┏━━

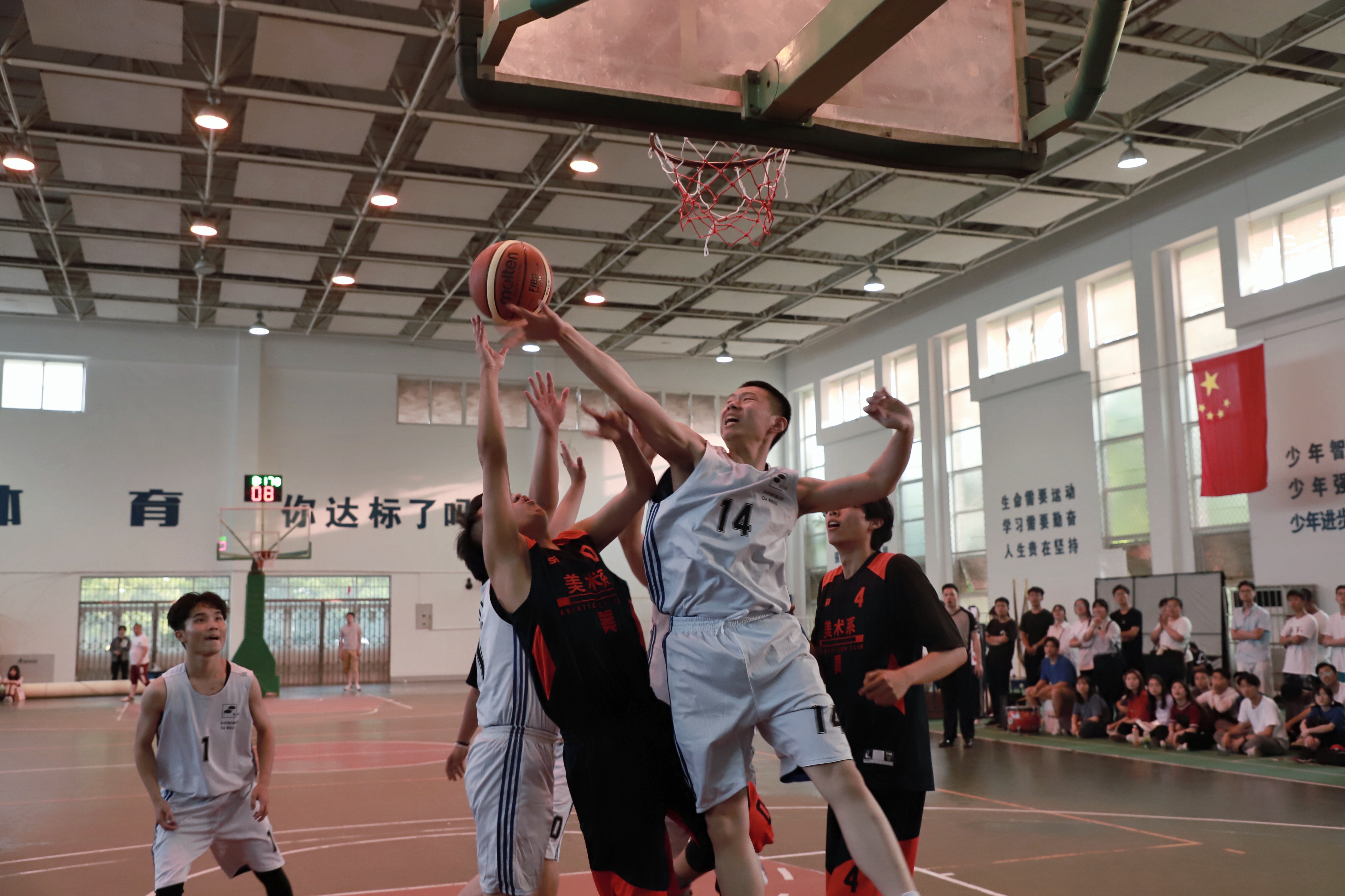 激动人心的浙江艺术职业学院第十三届男子篮球比赛暨第九届啦啦操比赛开始了。当天下午的风雨球场热闹非凡,许多同学都去现场为各系参加啦啦操比赛的运动员们加油喝彩。
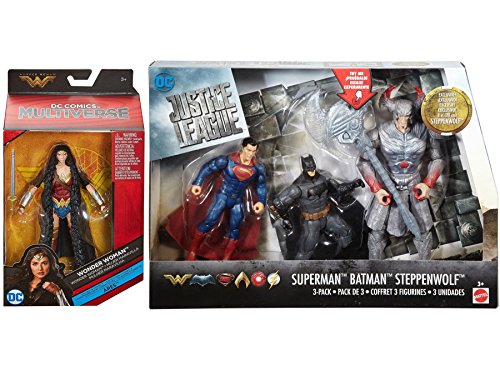 -. Binding : Toy -. Brand : AYB Products -. Color : Black -. EAN : 0728615896671 -. Feature : Justice League Movie Action Series Bundle 2-Pack / Wonder Woman 6" Multiverse Figure Ares Wave Fully posable figure with 20 points of articulation "God Killer" Sword / 6 inches (15.24cm) From the movie Wonder Woman Features movie accurate details and iconic accessories / DC Justice League Battle In a Box Batman, Steppenwolf, and Superman Figures 3pk / features an oversized Exclusive Steppenwolf, two key DC Super Hero figures and a light up weapon accessory! -. Genre : action -. Label : DC AYB -. Manufacturer : DC AYB -. MPN : JL-3pkHW -. PartNumber : JL-3pkHW -. ProductGroup : Toy -. ProductTypeName : TOYS_AND_GAMES -. Publisher : DC AYB -. Size : 6" -. Studio : DC AYB -. Title : DC Justice League Figures Movie 6" Multiverse Superman / Batman & Steppenwolf + Ares Wave - Wonder Woman with Sword 4-Pack -. UPC : 728615896671
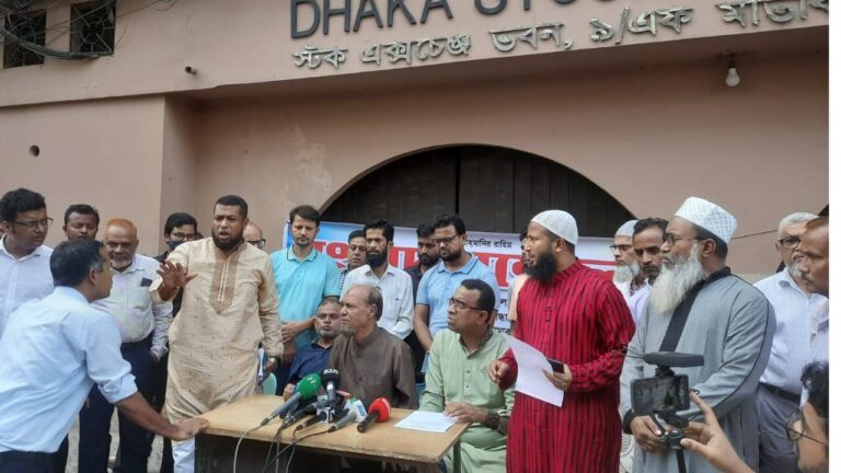 একীভূতকরণের (মার্জার) প্রক্রিয়ায় থাকা পাঁচ ইসলামী ব্যাংকের শেয়ার শূন্য ঘোষণার প্রতিবাদে মানববন্ধন করেছে ক্ষুদ্র বিনিয়োগকারীদের একটি অংশ। বৃহস্পতিবার (৬ নভেম্বর) দুপুরে ঢাকা স্টক এক্সচেঞ্জ (ডিএসই) ভবনের সামনে বাংলাদেশ পুঁজিবাজার বিনিয়োগকারী ঐক্য পরিষদের ব্যানারে এ কর্মসূচি পালন করা হয়।
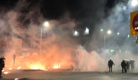 Περί ώρα 23:40, οι συγκεντρωθέντες πραγματοποίησαν πορεία μέσω κεντρικών οδών, κατά τη διάρκεια της οποίας προέβησαν, διαδοχικά, σε ρίψη αντικειμένων εναντίον των αστυνομικών δυνάμεων που βρισκόταν κατάλληλα παρατεταγμένες, οι οποίες τους απώθησαν αποτρέποντας περαιτέρω κλιμάκωση.

┗━━

Your task | Go through the listing above and write it all out exactly, leaving out any picture.

Task result |
 激动人心的浙江艺术职业学院第十三届男子篮球比赛暨第九届啦啦操比赛开始了。当天下午的风雨球场热闹非凡,许多同学都去现场为各系参加啦啦操比赛的运动员们加油喝彩。
 -. Binding : Toy -. Brand : AYB Products -. Color : Black -. EAN : 0728615896671 -. Feature : Justice League Movie Action Series Bundle 2-Pack / Wonder Woman 6" Multiverse Figure Ares Wave Fully posable figure with 20 points of articulation "God Killer" Sword / 6 inches (15.24cm) From the movie Wonder Woman Features movie accurate details and iconic accessories / DC Justice League Battle In a Box Batman, Steppenwolf, and Superman Figures 3pk / features an oversized Exclusive Steppenwolf, two key DC Super Hero figures and a light up weapon accessory! -. Genre : action -. Label : DC AYB -. Manufacturer : DC AYB -. MPN : JL-3pkHW -. PartNumber : JL-3pkHW -. ProductGroup : Toy -. ProductTypeName : TOYS_AND_GAMES -. Publisher : DC AYB -. Size : 6" -. Studio : DC AYB -. Title : DC Justice League Figures Movie 6" Multiverse Superman / Batman & Steppenwolf + Ares Wave - Wonder Woman with Sword 4-Pack -. UPC : 728615896671
 একীভূতকরণের (মার্জার) প্রক্রিয়ায় থাকা পাঁচ ইসলামী ব্যাংকের শেয়ার শূন্য ঘোষণার প্রতিবাদে মানববন্ধন করেছে ক্ষুদ্র বিনিয়োগকারীদের একটি অংশ। বৃহস্পতিবার (৬ নভেম্বর) দুপুরে ঢাকা স্টক এক্সচেঞ্জ (ডিএসই) ভবনের সামনে বাংলাদেশ পুঁজিবাজার বিনিয়োগকারী ঐক্য পরিষদের ব্যানারে এ কর্মসূচি পালন করা হয়।
 Περί ώρα 23:40, οι συγκεντρωθέντες πραγματοποίησαν πορεία μέσω κεντρικών οδών, κατά τη διάρκεια της οποίας προέβησαν, διαδοχικά, σε ρίψη αντικειμένων εναντίον των αστυνομικών δυνάμεων που βρισκόταν κατάλληλα παρατεταγμένες, οι οποίες τους απώθησαν αποτρέποντας περαιτέρω κλιμάκωση.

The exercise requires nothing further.